- **SOURCE MATERIAL**

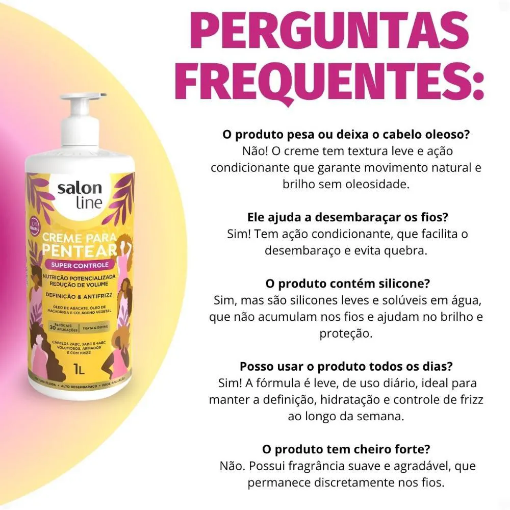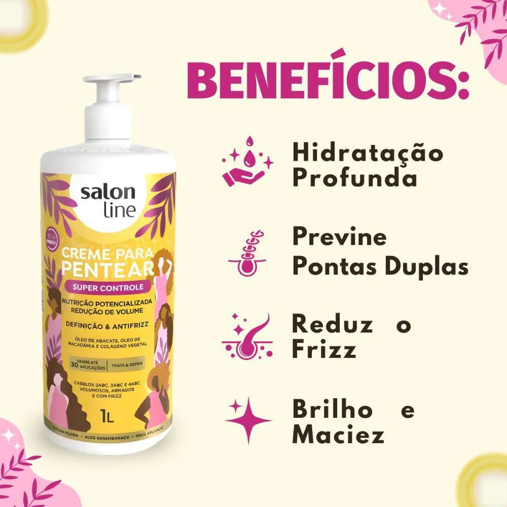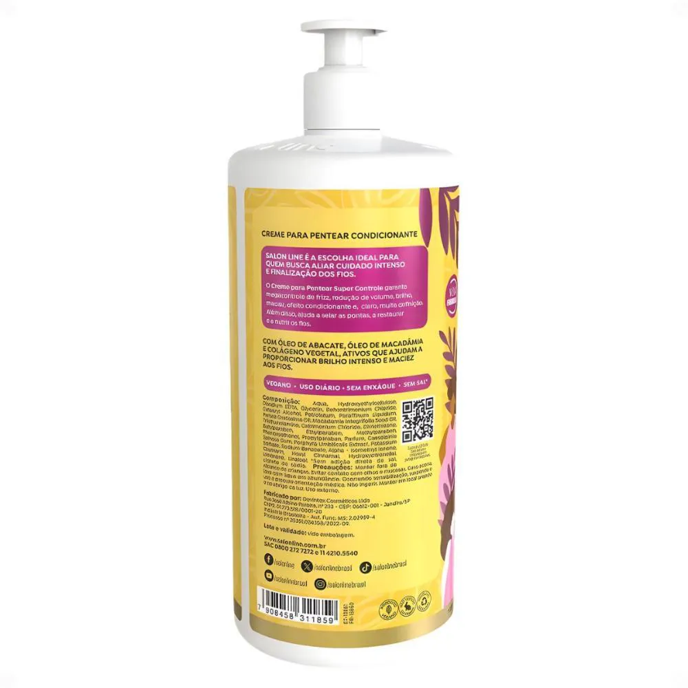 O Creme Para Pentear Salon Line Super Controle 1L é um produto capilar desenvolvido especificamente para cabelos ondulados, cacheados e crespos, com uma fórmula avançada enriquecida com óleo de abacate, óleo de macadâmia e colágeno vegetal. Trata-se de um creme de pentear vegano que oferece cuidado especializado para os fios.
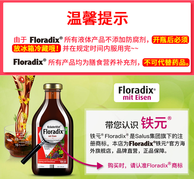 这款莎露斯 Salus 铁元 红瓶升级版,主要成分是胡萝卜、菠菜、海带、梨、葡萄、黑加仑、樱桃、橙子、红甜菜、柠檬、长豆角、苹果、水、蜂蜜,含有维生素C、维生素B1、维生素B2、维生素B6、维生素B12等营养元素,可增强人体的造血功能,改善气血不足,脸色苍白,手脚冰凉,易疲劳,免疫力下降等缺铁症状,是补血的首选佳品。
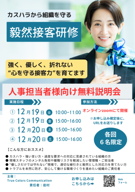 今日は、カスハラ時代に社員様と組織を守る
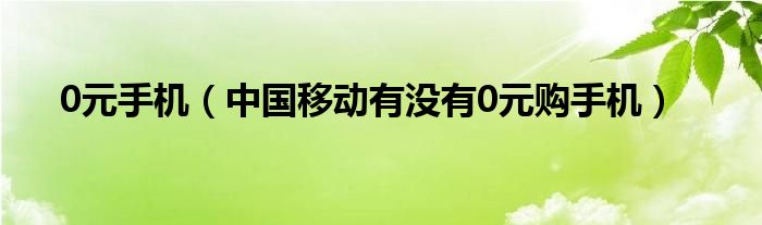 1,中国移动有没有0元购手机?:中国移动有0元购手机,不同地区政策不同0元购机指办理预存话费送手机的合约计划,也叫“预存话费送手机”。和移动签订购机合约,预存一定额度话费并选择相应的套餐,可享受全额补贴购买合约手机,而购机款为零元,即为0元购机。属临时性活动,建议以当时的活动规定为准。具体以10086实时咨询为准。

- **TASK**
Everything from the first line of the listing above through the line that contains "今日は、カスハラ時代に社員様と組織を守る" is to be restated word for word, minus the pictures.

- **ANSWER BELOW**
 O Creme Para Pentear Salon Line Super Controle 1L é um produto capilar desenvolvido especificamente para cabelos ondulados, cacheados e crespos, com uma fórmula avançada enriquecida com óleo de abacate, óleo de macadâmia e colágeno vegetal. Trata-se de um creme de pentear vegano que oferece cuidado especializado para os fios.
 这款莎露斯 Salus 铁元 红瓶升级版,主要成分是胡萝卜、菠菜、海带、梨、葡萄、黑加仑、樱桃、橙子、红甜菜、柠檬、长豆角、苹果、水、蜂蜜,含有维生素C、维生素B1、维生素B2、维生素B6、维生素B12等营养元素,可增强人体的造血功能,改善气血不足,脸色苍白,手脚冰凉,易疲劳,免疫力下降等缺铁症状,是补血的首选佳品。
 今日は、カスハラ時代に社員様と組織を守る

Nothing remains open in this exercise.